§ Required work
Print the material below exactly as it stands, please, from its first line to the line holding "除了辯論比賽之外,兩所大學的", with no pictures.

§ Given information
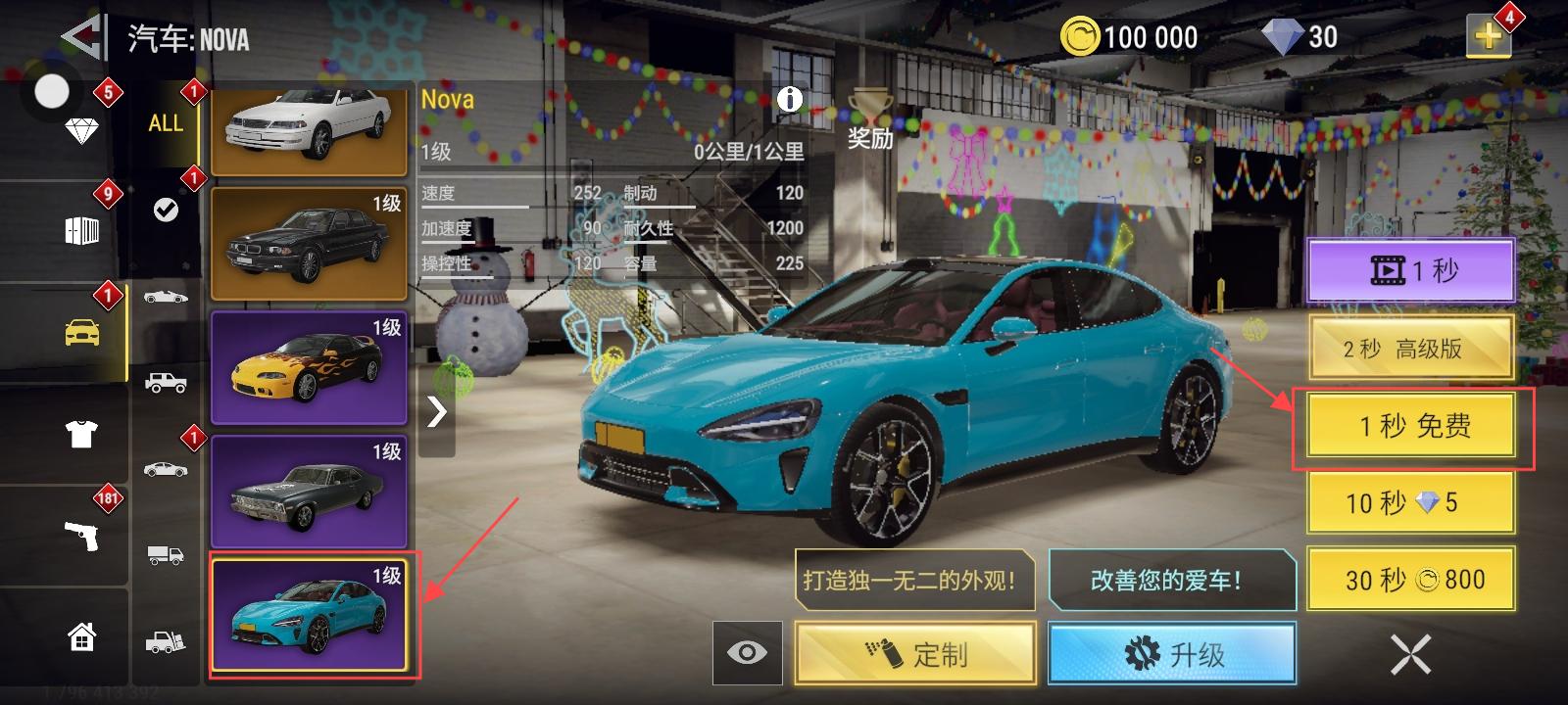 第三步:点击车库,找到小米su7(或其他车辆),点击交付,然后再点击 “1秒免费”
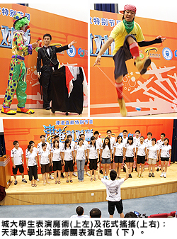 除了辯論比賽之外,兩所大學的學生還做了藝術表演,為活動增添歡樂氣氛。天津大學北洋藝術團合唱團獻唱一首內蒙著名歌曲,城大則派出創意媒體學院三年級學生姚紹豪和兩名魔術學會的學生黃定邦袁健威,表演花式搖搖及魔術。最後,兩所大學學生合唱「明天會更好」,喻意兩所大學今後將有更緊密的交流和合作。
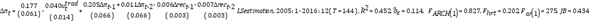is the standard error of the model. We include two tests for heteroskedasticity: the autoregressive conditional heteroskedasticity test, FARCH(1) , and the White test, Fhet . For serial correlation, we run a Lagrange multiplier test, Far(1) , and we use the Jarque-Bera test, JB, for normality. All tests indicate that the model presents no problems of ARCH errors, autocorrelation, heteroskedasticity, or non-normality.21 We report the p-values of these diagnostic tests. To arrive at these well-behaved equations of inflation dynamics, we test different numbers of lags for all supply-shock variables, unemployment, and inflation. We use this same specification of inflation dynamics for all methodologies (including the state-space models), so that in all cases the variables included and the structure of lags are the same.

§ Your response
 第三步:点击车库,找到小米su7(或其他车辆),点击交付,然后再点击 “1秒免费”
 除了辯論比賽之外,兩所大學的學生還做了藝術表演,為活動增添歡樂氣氛。天津大學北洋藝術團合唱團獻唱一首內蒙著名歌曲,城大則派出創意媒體學院三年級學生姚紹豪和兩名魔術學會的學生黃定邦袁健威,表演花式搖搖及魔術。最後,兩所大學學生合唱「明天會更好」,喻意兩所大學今後將有更緊密的交流和合作。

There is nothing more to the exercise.